You were right though — in so many ways. Allan’s a bit like that too — annoying but true. We did It’s a Sin together, he and I. By God it was a hard watch. Nothing can ever heal the pain. But as I wrote afterwards, it felt like a bit of redress at last. And on the back of it, I told our own story to a red top — we made the centre pages of the Sunday Mail no less. I hope you don’t mind — I just thought people should know what it was really like.
You really are quite famous now. I found myself talking about you on the Radio last Sunday too. I was reviewing a new film, Supernova, about a middle-aged gay couple — hard to imagine, eh? We had to do your dotage so early thanks to the bloody virus. Anyway, one of them had dementia. And, of course, in a heartbeat, it took me back to your journey — away with the fairies. I still hope they were kind.
I need to go now. But before I do, I have to mention this plague again. Because it turns out I was right. Just like ours, this one does discriminate. Predictably, it’s raging through parts of the developing world — and, scandalously, pretty much everywhere, its effects are distressingly unequal.
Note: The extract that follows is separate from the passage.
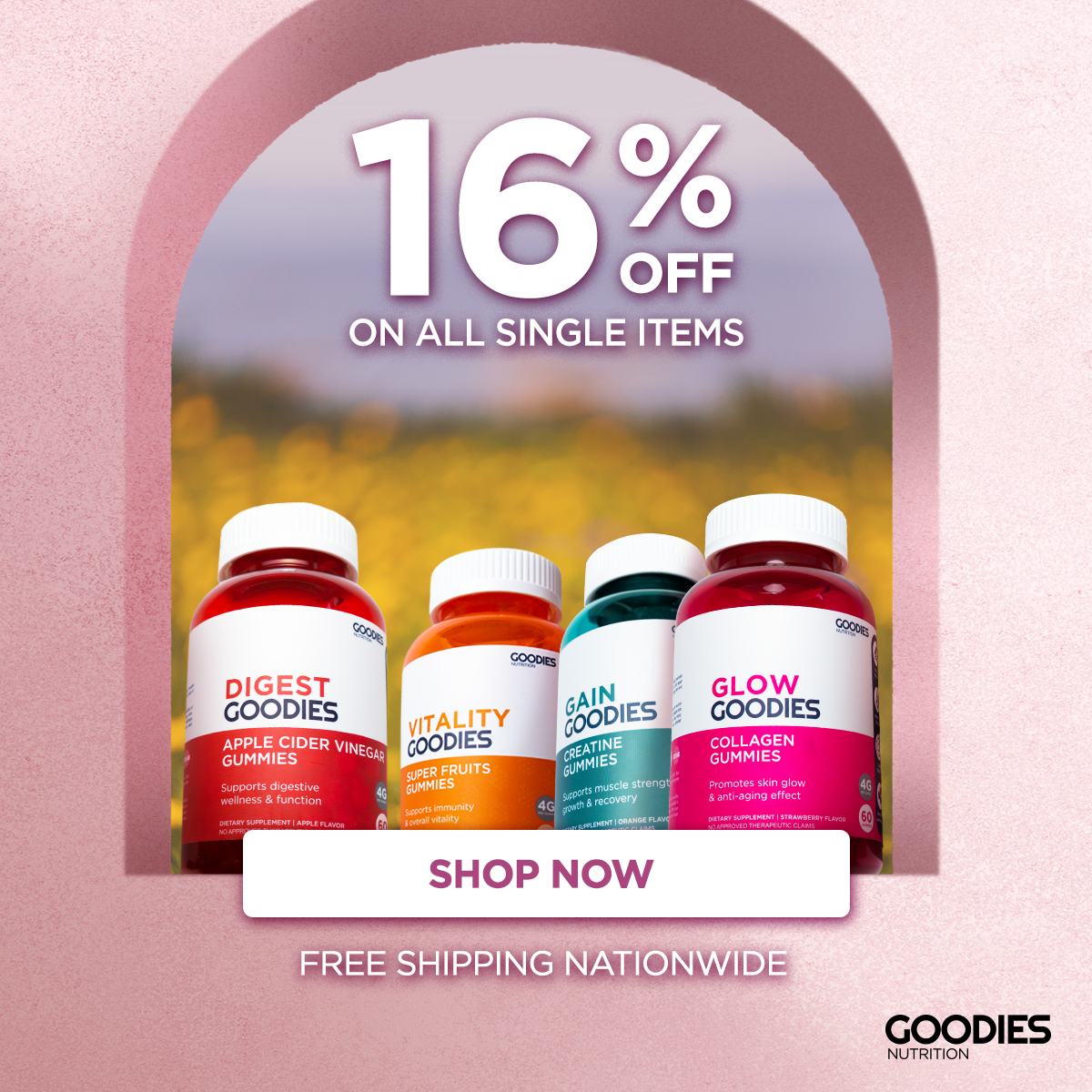 Everybody knows the powerful benefits of healthy nutrients. But often do they have a funny flavor and are complicated to integrate in your daily routine. Going forward you don't have to miss out on your health benefits any longer. Goodies Nutrition makes healthy and impactful nutrients broadly available in a tasty and convenient way at affordable prices. Get your goodies, take your wellness gummies every day, and live your best healthy life.

As my friend Damian Barr said, ‘We are in the same storm, but not in the same boat.’
Worse still, despite what I said in my last letter about our leaders working day and night to get us through this, some of them seem determined to make a complete hash of it. Reckless would be an understatement. Astonishingly, even though we got vaccines at breath-taking speed, they want to do away with the protections we’ve been taking before we’ve ensured everyone is safe. (By the way, there might be one for HIV on the horizon at last — that took its time, didn’t it?)
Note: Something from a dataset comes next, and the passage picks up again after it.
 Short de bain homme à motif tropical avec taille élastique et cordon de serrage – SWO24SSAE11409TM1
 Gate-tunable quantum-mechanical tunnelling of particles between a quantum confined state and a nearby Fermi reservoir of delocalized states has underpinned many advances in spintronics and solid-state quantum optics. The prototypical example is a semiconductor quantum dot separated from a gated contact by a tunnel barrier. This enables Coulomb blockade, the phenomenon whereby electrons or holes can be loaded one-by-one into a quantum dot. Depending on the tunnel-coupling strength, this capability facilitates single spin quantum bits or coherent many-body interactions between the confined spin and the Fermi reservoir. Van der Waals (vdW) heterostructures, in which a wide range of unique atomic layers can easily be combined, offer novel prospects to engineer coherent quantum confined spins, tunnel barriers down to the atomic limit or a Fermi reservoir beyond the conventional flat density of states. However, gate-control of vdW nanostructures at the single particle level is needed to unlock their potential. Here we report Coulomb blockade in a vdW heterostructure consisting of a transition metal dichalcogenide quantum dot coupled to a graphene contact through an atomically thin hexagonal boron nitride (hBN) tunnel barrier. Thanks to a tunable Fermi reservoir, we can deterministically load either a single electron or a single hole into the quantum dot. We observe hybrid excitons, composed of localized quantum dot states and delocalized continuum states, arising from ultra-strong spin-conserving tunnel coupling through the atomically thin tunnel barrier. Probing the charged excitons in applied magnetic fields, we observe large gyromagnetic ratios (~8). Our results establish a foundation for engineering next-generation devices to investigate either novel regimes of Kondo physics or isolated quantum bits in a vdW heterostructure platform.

Down in England, the 19th of July is set to be ‘Freedom Day’ — I can’t begin to describe just how absurd it is. And it pains me to say it given it’ll be the anniversary of your funeral, but I fear it could herald a whole lot more of the same unless people see sense fast. I suppose the easiest way to explain it is — bear with me — by comparing masks to condoms.
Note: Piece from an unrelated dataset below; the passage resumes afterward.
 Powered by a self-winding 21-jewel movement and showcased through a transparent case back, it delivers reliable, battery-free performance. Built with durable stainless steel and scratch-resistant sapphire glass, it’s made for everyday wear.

We’ve been wearing masks in public places like shops because it’s a way of protecting other people. No one really likes it. But it saves lives, so it’s really not a big deal. However, from ‘Freedom Day’ it’s going to be discretionary. Can you imagine if we’d decided condoms should be discretionary back then? We were already being accused of swimming in a cesspit of our own making, even though we were the ones taking the virus on. All hell would have broken loose.
I won’t labour the point — even though you’ve not been around, I’m sure you’ll get it. And that’s what makes the current predicament so breathtakingly awful. It’s really not difficult. But just as it was back then, it’s hard not to conclude that some people just don’t care — especially about people less fortunate or more at risk of infection than themselves.
Horribly familiar, I know. But I’m not telling you anything you didn’t know already, am I? Plagues — and vulnerability to them — are man-made. And they don’t stand a chance of ending if we don’t do everything in our power to stop them in their tracks. But, of course, to your cost, you know that too. We both do.